____ Data segment

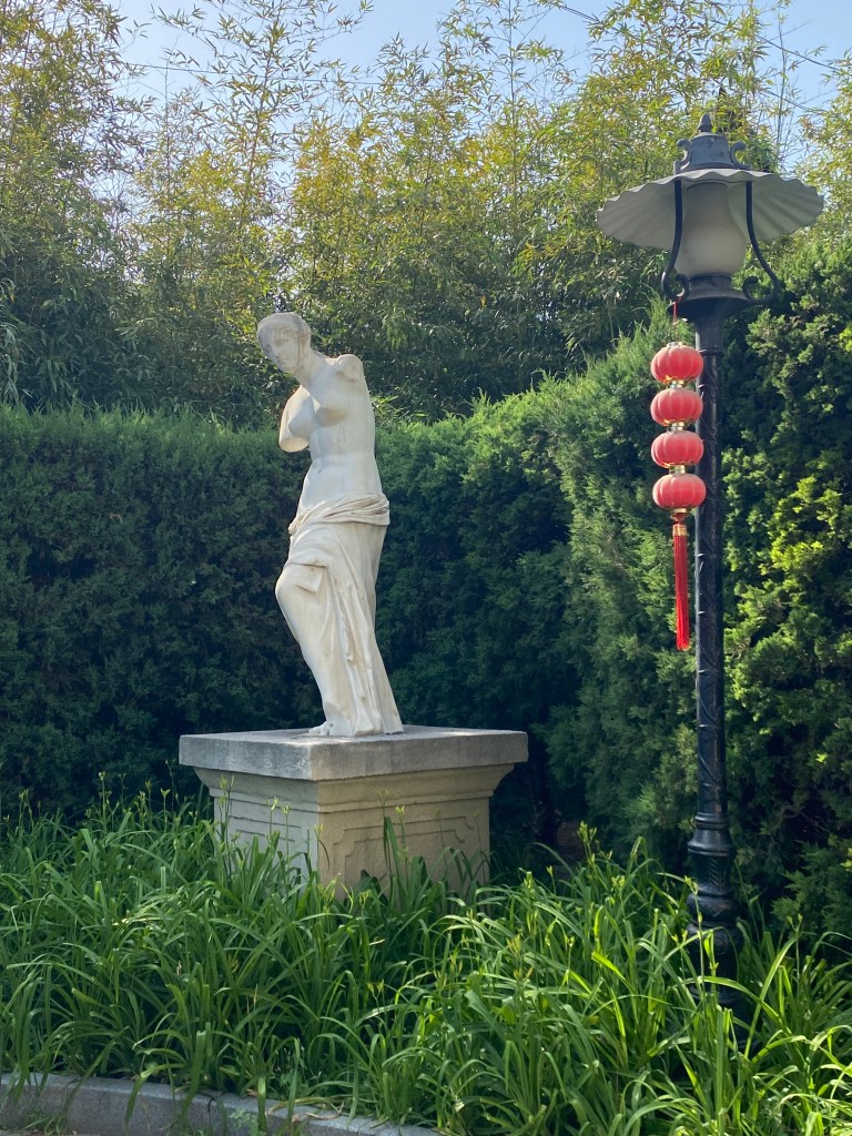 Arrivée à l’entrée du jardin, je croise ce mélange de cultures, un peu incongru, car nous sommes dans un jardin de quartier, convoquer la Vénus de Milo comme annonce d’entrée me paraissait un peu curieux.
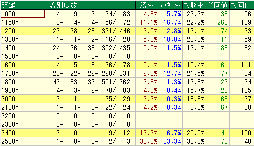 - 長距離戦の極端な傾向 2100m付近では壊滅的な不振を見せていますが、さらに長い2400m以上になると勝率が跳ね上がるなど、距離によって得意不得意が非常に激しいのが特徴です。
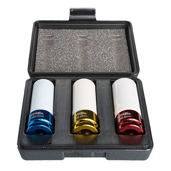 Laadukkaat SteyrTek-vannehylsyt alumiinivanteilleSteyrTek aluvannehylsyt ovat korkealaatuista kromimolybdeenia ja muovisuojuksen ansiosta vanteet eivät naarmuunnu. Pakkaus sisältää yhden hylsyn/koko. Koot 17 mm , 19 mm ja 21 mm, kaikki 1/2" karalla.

________

*Exercise description:*
With the pictures omitted, give every line above again exactly.

*Completed exercise:*
 Arrivée à l’entrée du jardin, je croise ce mélange de cultures, un peu incongru, car nous sommes dans un jardin de quartier, convoquer la Vénus de Milo comme annonce d’entrée me paraissait un peu curieux.
 - 長距離戦の極端な傾向 2100m付近では壊滅的な不振を見せていますが、さらに長い2400m以上になると勝率が跳ね上がるなど、距離によって得意不得意が非常に激しいのが特徴です。
 Laadukkaat SteyrTek-vannehylsyt alumiinivanteilleSteyrTek aluvannehylsyt ovat korkealaatuista kromimolybdeenia ja muovisuojuksen ansiosta vanteet eivät naarmuunnu. Pakkaus sisältää yhden hylsyn/koko. Koot 17 mm , 19 mm ja 21 mm, kaikki 1/2" karalla.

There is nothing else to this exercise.